Julien Sorel is a man of great ambition. He is a carpenter's son, but longs to distinguish himself among the upper classes, like his hero Napoleon once did. Napoleon's route--the military--is no longer available to him in 1830, but perhaps a life of distinction in the clergy will be equally good. Like all egoists, the endgame matters little; while he would have preferred the red coat the black will do. And like all social climbers, he harbors a deep and bitter antipathy toward the social classes through which he wants to rise.
At the very beginning of the novel he manages to procure a job as a tutor for the children of the mayor, M. de Renal, based on the merit of having memorized the entire Latin New Testament. But Julien has no religious sentiment; he cultivates what he calls hypocrisy, an outward expression of piety and orthodoxy that belies his disgust. And yet, Julien is a poor hypocrite: his education is too limited, and he is too impulsive. When he begins to suspect that M. de Renal's wife has fallen in love with him, he considers it his "duty" to seduce her--a Napoleonic conquest--but, in a manner not unlike the way that a Catholic sacrament transmutes the heart, his outward actions of affection compel him too toward love. The principle struggle of The Red and the Black is the surface vs. the interior, and despite Julien's cultivation of hypocrisy this struggle affects him most strongly because his rivals in the nobility have little of his inward depth. He permits himself to internalize such frauds, as when his friends try to legitimize his newfound wealth by spreading a rumor of noble parentage:
Could it really be possible, he wondered, that I might be the natural son of some great lord driven into exile in our mountains by the terrible Napoleon?

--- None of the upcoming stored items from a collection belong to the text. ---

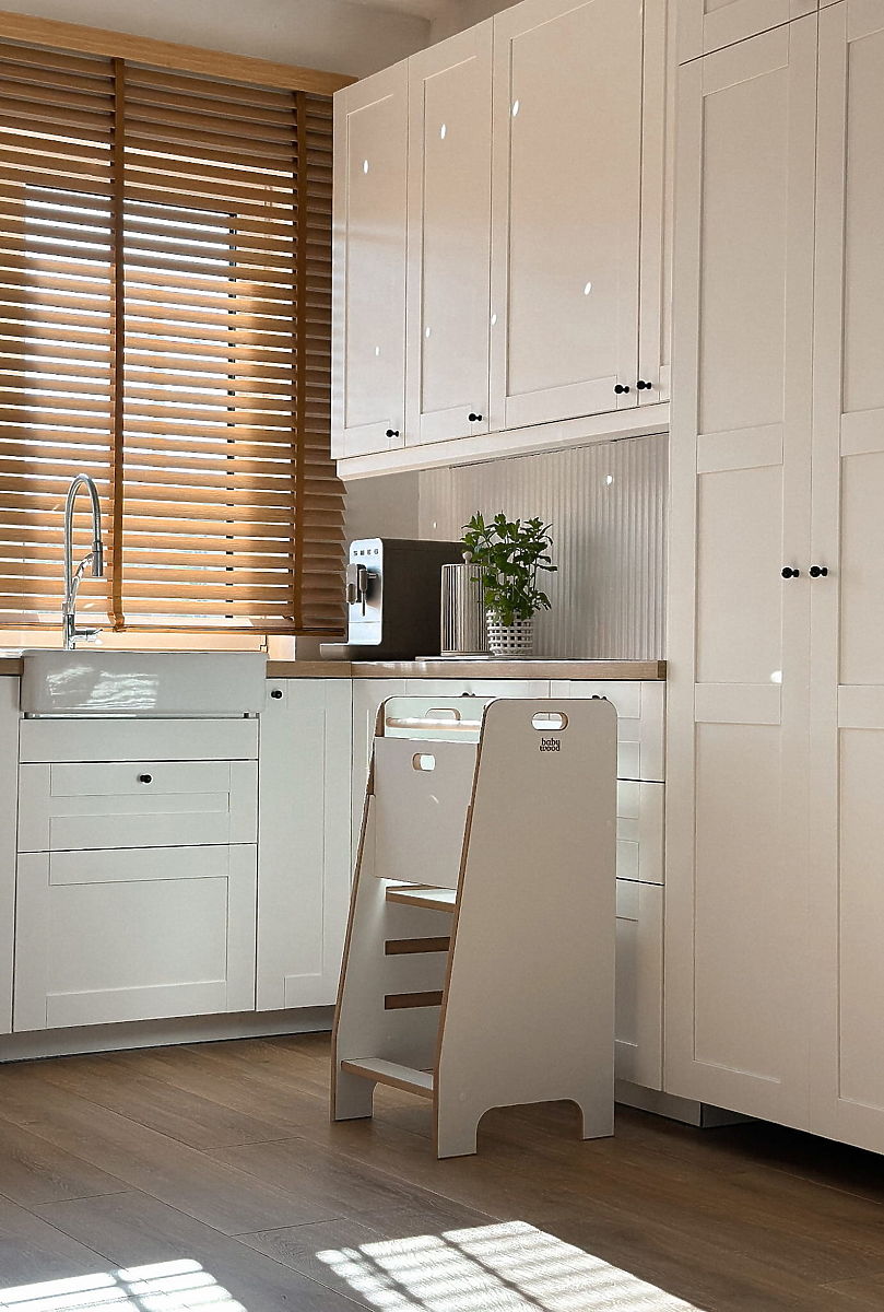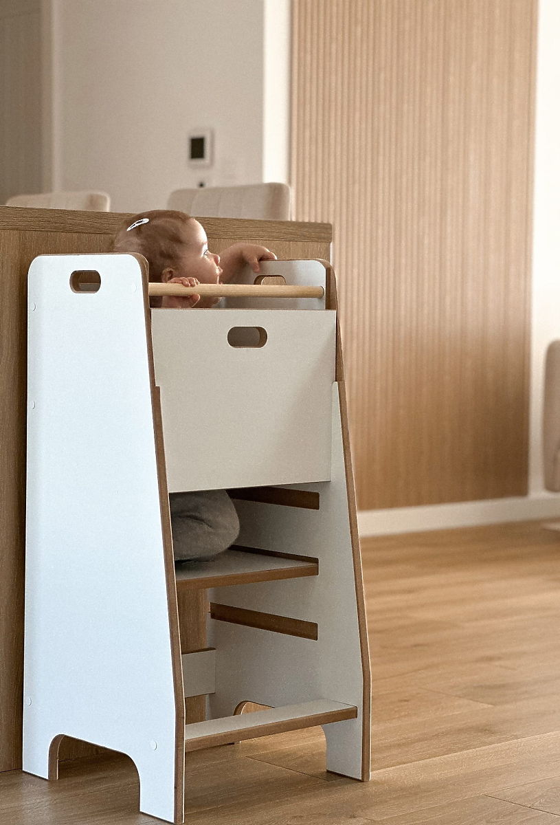 Kitchen Helper Comfort este un ajutor de bucătărie inteligent, datorită căruia copiii se pot implica în siguranță în activitățile zilnice din bucătărie. Le permite să stea stabil la înălțimea potrivită și să participe activ la pregătirea mâncărurilor, în timp ce părinții au certitudinea că totul este sigur și sub control. Cu designul său curat, se potrivește atât în bucătăriile moderne, cât și în cele clasice. Acest ajutor oferă copilului un spațiu nu doar pentru a ajuta la gătit, ci și pentru a descoperi, învăța și petrece timp împreună. Susține independența și dezvoltarea naturală a abilităților încă de la o vârstă fragedă.
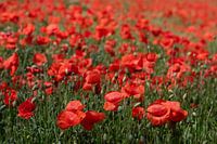 Koop dit bloemen kunstwerk Rood bloeiend klaprozenveld van Ulrike Leone op canvas, aluminium dibond, (ingelijste) fotoprint, behang en ArtFrame, op maat geprint in Fine-Art kwaliteit.
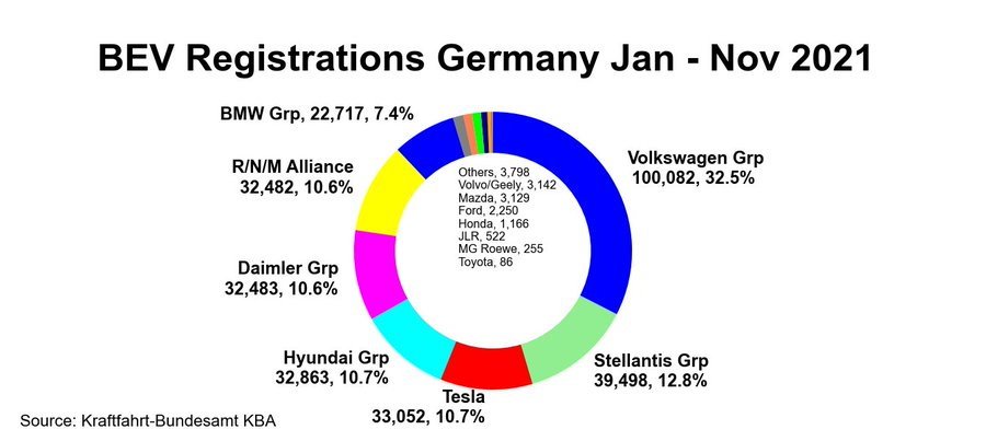 Je ne pensais pas que VW (même le groupe) aurait déjà un morceau pareil du marché BEV en 2021 dans leur pays si ancré au siècle passé de l'automobile.
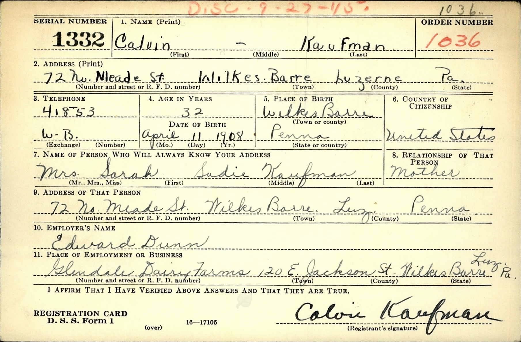 - Copy of orders awarding Kaufman his Combat Medic Badge, printed photos of Kaufman in uniform, copy of his draft registration card and pages of additional research are all included.
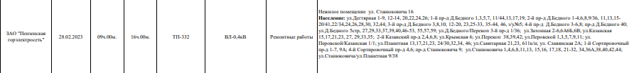 На сайте «Пензенская горэлектросеть» сообщается, что завтра 28 февраля пензенцы останутся на время без света. Отключение связано с ремонтными работами.
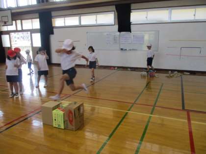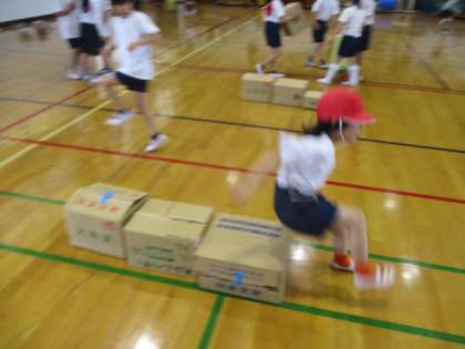とびあそびの学習ではことびをしました。グループで工夫して遊んでいます。

This idea seemed less improbable to him with every passing moment... My hatred for my father would be proof of it... I shouldn't be a monster anymore!
The Red and the Black, strangely, offers two iterations of the same story: After being forced to leave Mme. de Renal, Julien is hired as a secretary to a Parisian nobleman, M. de la Mole, whose daughter Mathilde becomes Julien's mistress. Such repetition allows us to see clearly how Julien grows, and becomes more adept at playing the games of the upper class, but his rage grows with him. When, for a second time, it becomes clear to Julien that society will not suffer both his ambition and his love, he rejects society in an act of shocking violence.
I won't spoil anything, but I will say that I was impressed with the simple admiration with which Stendhal treats Julien's actions. They are an anachronism, Napoleonic in their way, and they are strangely redemptive. Julien refuses to play a rigged game, and as such he frees himself from time, and from society. By banishing his hypocrisy, he is freed unto himself.
Two things frustrated me about The Red and the Black: The first is that it is replete with very topical references to French politics of 1830, and the appendix in the back is not very illuminating. The second is that Julien is remarkably fickle, and much of the second book is consumed by Julien falling in and out of love with Mathilde, who alternately falls in and out love with him. A sense of absurdity redeems this, though, and I admit that it seems to accurately map our propensity to change our minds about love. The Red and the Black is called the first psychological novel, and its depiction of Julien's inward thoughts is especially fine, including what I would call an early form of stream-of-consciousness. That psychological detail is what makes the novel so rewarding, and I will concede that when Julien is at his most frustrating, he is at his most human.